Steph Curry is planning to meet with LeBron James in the next few weeks to talk about the possibility of James joining the Warriors this offseason, a move that turns rumor into a clear, player‑led initiative just before free agency opens. Brett Siegel reported that league sources tell him the Warriors "are very much open to pursuing LeBron James" and that Curry intends to sit down with James to discuss the idea in the weeks leading up to free agency.
The blunt arithmetic of any realistic offer is the story that follows the meeting. The Warriors’ clearest route would be the non‑taxpayer mid‑level exception, roughly $15 million per season — a package that would amount to about a 70% pay cut for James. To get closer to a market rate for a veteran superstar, Golden State would need a sign‑and‑trade; league discussions suggest that structure could let the Warriors push James’ salary into the $30 million to $35 million range next season, or roughly a three‑year, $75 million deal.
Those figures matter because the roster cost is concrete. A sign‑and‑trade that lifts what the Warriors can offer would require another big contract to move out — names floated include Jimmy Butler, Draymond Green or Kristaps Porzingis. Butler’s large salary and a recent ACL injury make his inclusion an unlikely foundation for a deal; Porzingis is viewed around the league as the more plausible piece the Lakers might entertain in a creative trade that would let Golden State afford more than the MLE.
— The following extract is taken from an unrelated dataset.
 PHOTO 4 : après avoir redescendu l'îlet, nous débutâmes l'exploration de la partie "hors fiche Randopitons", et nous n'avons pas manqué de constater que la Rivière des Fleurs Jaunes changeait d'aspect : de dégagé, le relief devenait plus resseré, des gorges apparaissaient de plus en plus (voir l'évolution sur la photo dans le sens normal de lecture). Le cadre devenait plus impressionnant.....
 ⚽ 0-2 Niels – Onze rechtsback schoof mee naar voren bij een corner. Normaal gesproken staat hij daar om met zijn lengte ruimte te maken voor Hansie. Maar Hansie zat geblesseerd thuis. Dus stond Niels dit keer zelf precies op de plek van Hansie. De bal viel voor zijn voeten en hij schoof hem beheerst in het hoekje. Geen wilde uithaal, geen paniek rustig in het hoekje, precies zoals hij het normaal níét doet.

The pursuit would not be new. The Warriors have checked in with the Lakers about James’ potential availability via trade over the past couple seasons, and internal conversations in Golden State have acknowledged that the current roster has limited straightforward paths to add a premium veteran. The club has publicly signaled a willingness to step back from the uncompromising "championship or bust" posture that defined the last decade, but adding an all‑time great late in his career would be an aggressive pivot that could reshape the team’s depth and identity. For background on the context around Curry and the team's direction, see Steph Curry to meet LeBron James as Warriors weigh a late free-agent push — and Knicks Coach Mike Brown vs. Kenny Atkinson: Warriors School Shapes Eastern Final —
All of which creates the central friction: is this a genuine recruitment or leverage in negotiations with the Lakers? Some league voices interpret Golden State’s availability as a bargaining chip for James — a way for him to increase guaranteed money or secure specific contract terms from Los Angeles — rather than a fully formed intention to relocate. The meeting Curry has arranged will be the clearest signal on that point: a substantive conversation could turn exploratory interest into pressure for a sign‑and‑trade, while a cordial, noncommittal sit‑down would fit a leverage narrative.
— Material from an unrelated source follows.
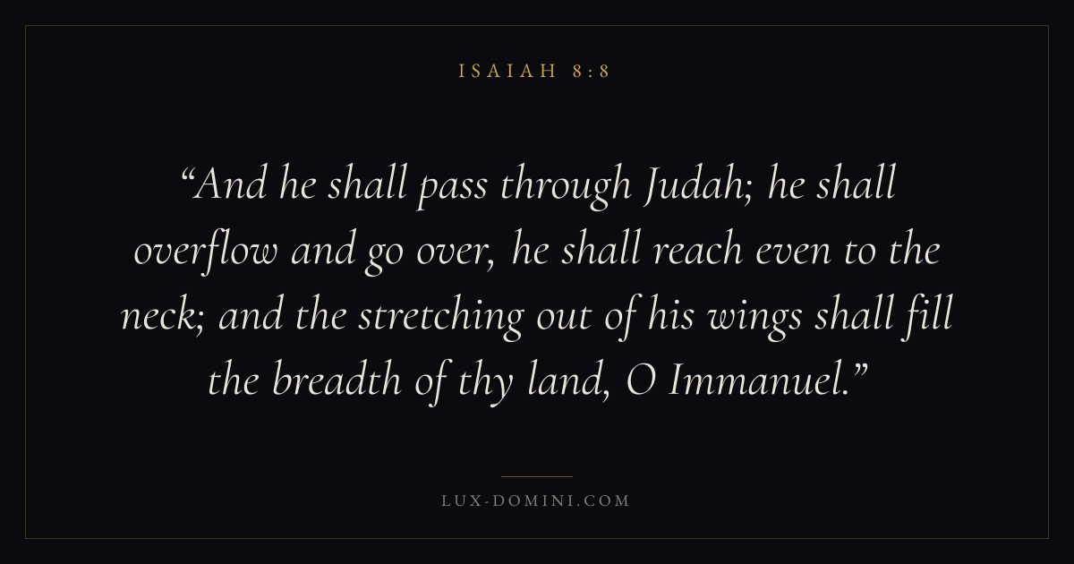 And he shall pass through Judah; he shall overflow and go over, he shall reach even to the neck; and the stretching out of his wings shall fill the breadth of thy land, O Immanuel.

The next concrete step is the meeting itself. Curry and James are expected to talk in the weeks before free agency opens, and the outcome will determine whether the Warriors transition from speculative suitor to active bidder. If Curry returns from the meeting convinced James could be serious, Golden State will face sharp roster choices: accept the constraints of the mid‑level offer, pursue a complex sign‑and‑trade that alters the core, or walk away and keep retooling. If nothing substantive comes from the conversation, the most likely result is that LeBron has strengthened his negotiating position with the Lakers without any material change to the Warriors’ plans. Either way, Curry’s decision to make the call puts the next move squarely in the players’ hands.